> **Problem description**
Within the listing that follows, reproduce exactly the lines starting at the line with "4、在徹底注銷賬號(hào)" and ending at the line with "The Risvolti mirrors", inclusive, and only those. Pictures are dropped.

*** Exercise inputs

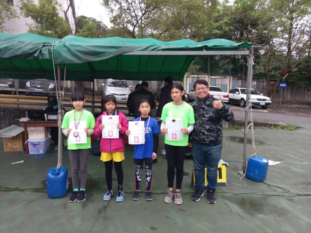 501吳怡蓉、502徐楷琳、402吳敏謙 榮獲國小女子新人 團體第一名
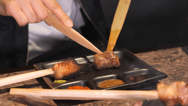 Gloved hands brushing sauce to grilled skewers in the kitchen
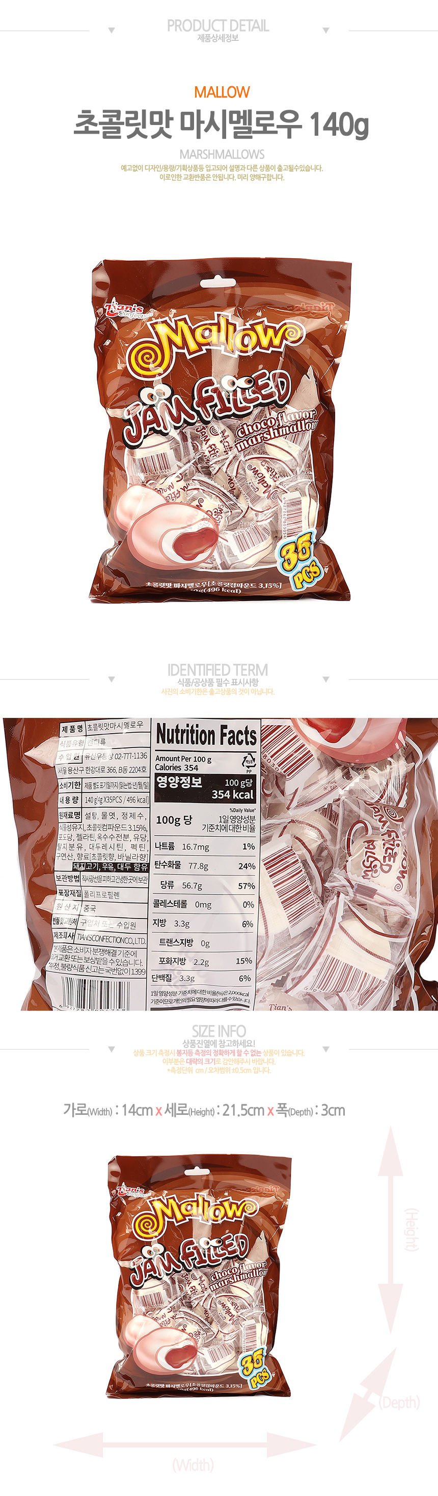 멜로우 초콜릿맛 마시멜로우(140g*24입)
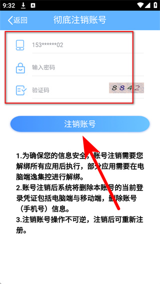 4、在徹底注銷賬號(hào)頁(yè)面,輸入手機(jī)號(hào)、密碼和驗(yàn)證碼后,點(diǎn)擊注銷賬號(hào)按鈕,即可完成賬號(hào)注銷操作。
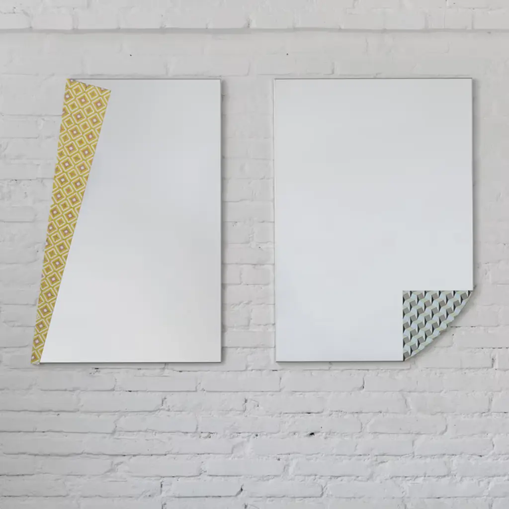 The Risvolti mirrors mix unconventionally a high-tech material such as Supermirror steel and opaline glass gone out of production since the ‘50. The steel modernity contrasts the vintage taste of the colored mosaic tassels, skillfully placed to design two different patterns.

******
*** Exercise inputs

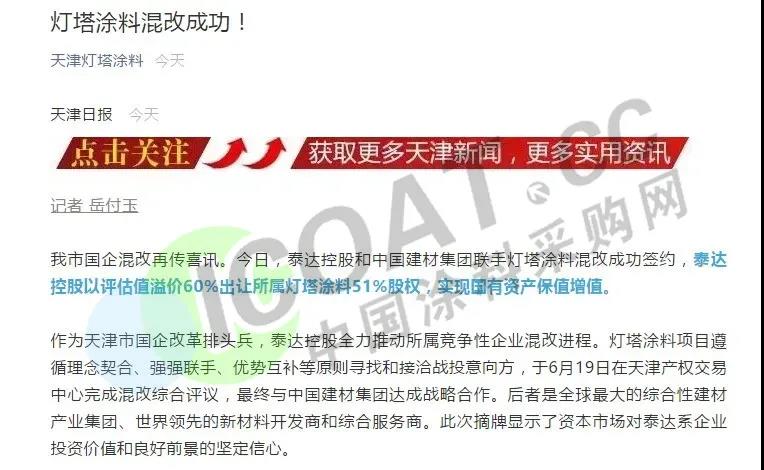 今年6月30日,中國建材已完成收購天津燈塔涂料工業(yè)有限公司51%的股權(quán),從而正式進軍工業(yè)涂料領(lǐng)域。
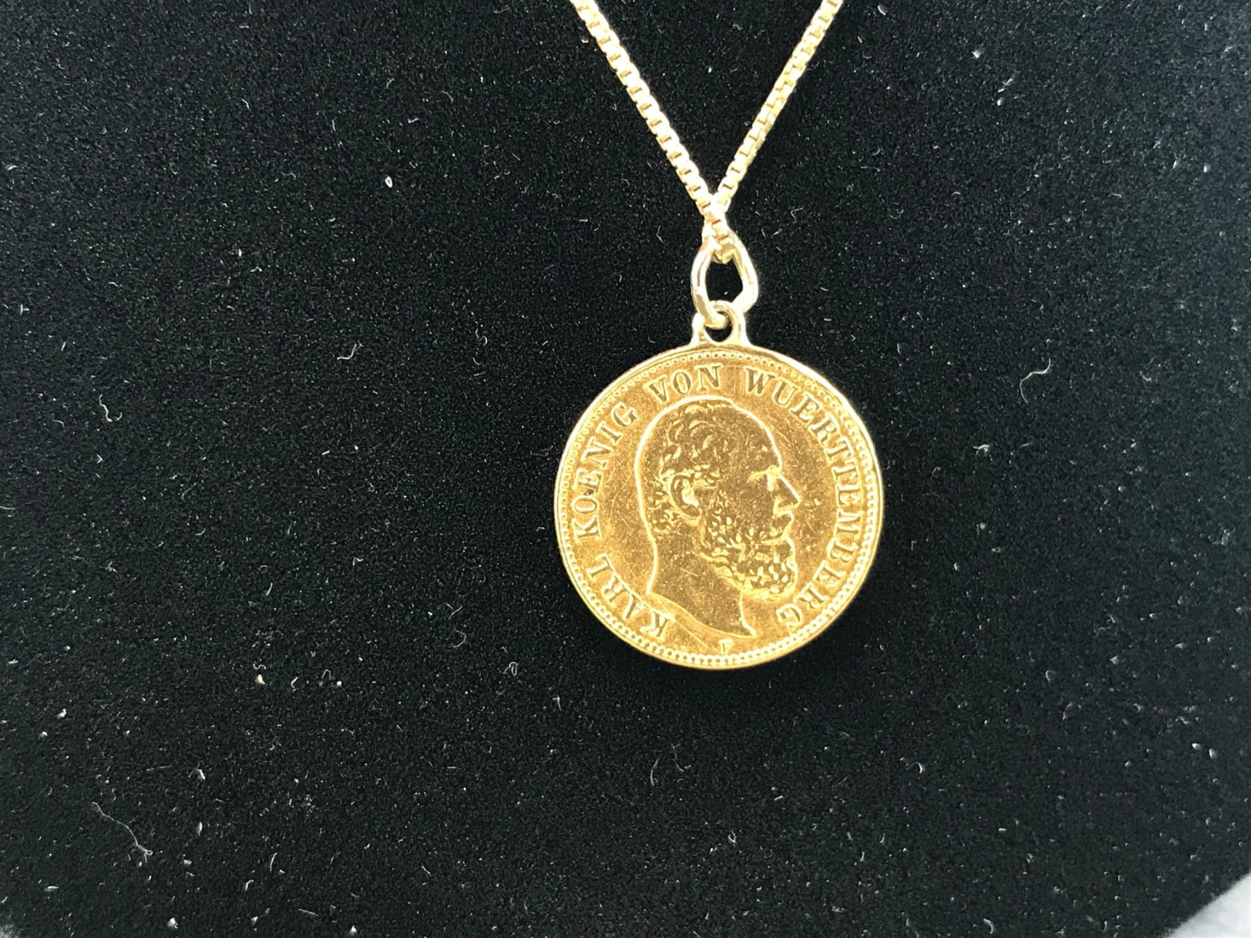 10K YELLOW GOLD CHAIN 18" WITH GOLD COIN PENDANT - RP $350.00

******

> **Written reply**
 4、在徹底注銷賬號(hào)頁(yè)面,輸入手機(jī)號(hào)、密碼和驗(yàn)證碼后,點(diǎn)擊注銷賬號(hào)按鈕,即可完成賬號(hào)注銷操作。
 The Risvolti mirrors mix unconventionally a high-tech material such as Supermirror steel and opaline glass gone out of production since the ‘50. The steel modernity contrasts the vintage taste of the colored mosaic tassels, skillfully placed to design two different patterns.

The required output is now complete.